▸ What you are asked to do
Exactly reproduce the lines of the listing below from the one containing "Aktivní dotykové pero" through the one containing "2024 независимая станция". Skip the images.

▸ Records for this exercise
|---|

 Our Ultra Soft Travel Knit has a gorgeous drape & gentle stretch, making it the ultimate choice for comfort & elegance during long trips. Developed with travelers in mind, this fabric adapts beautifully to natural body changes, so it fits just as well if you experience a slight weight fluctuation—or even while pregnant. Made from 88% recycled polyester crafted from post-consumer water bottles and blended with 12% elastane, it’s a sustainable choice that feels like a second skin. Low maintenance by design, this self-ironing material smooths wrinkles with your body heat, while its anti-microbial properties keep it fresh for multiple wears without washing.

|---|

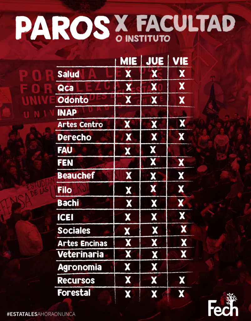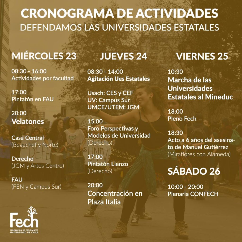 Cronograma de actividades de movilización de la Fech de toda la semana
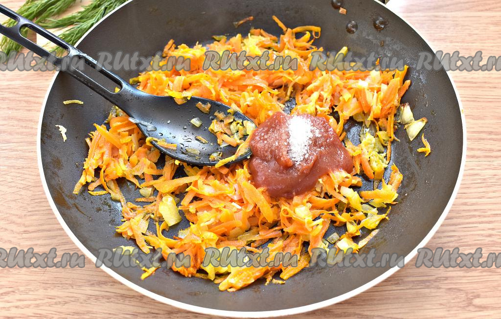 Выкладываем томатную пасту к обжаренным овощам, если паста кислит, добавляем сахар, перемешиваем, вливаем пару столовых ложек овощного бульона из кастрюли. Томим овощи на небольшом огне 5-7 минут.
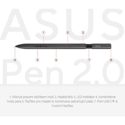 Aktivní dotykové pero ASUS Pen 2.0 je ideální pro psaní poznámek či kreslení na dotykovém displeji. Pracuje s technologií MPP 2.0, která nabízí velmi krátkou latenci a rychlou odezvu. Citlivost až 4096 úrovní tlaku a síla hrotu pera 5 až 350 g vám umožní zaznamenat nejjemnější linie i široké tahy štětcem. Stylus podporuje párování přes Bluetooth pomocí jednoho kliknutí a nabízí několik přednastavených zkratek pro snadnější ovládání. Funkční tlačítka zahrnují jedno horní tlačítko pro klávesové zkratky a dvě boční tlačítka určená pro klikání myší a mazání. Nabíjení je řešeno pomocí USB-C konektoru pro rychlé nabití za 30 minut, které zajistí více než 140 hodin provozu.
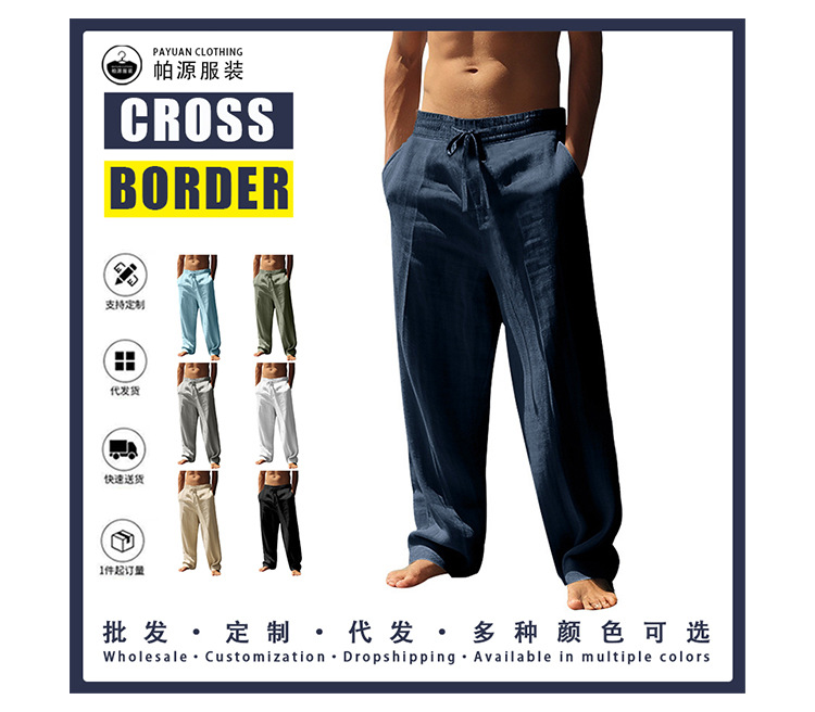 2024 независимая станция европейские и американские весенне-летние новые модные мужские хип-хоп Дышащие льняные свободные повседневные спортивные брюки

|---|

▸ Task solution
 Aktivní dotykové pero ASUS Pen 2.0 je ideální pro psaní poznámek či kreslení na dotykovém displeji. Pracuje s technologií MPP 2.0, která nabízí velmi krátkou latenci a rychlou odezvu. Citlivost až 4096 úrovní tlaku a síla hrotu pera 5 až 350 g vám umožní zaznamenat nejjemnější linie i široké tahy štětcem. Stylus podporuje párování přes Bluetooth pomocí jednoho kliknutí a nabízí několik přednastavených zkratek pro snadnější ovládání. Funkční tlačítka zahrnují jedno horní tlačítko pro klávesové zkratky a dvě boční tlačítka určená pro klikání myší a mazání. Nabíjení je řešeno pomocí USB-C konektoru pro rychlé nabití za 30 minut, které zajistí více než 140 hodin provozu.
 2024 независимая станция европейские и американские весенне-летние новые модные мужские хип-хоп Дышащие льняные свободные повседневные спортивные брюки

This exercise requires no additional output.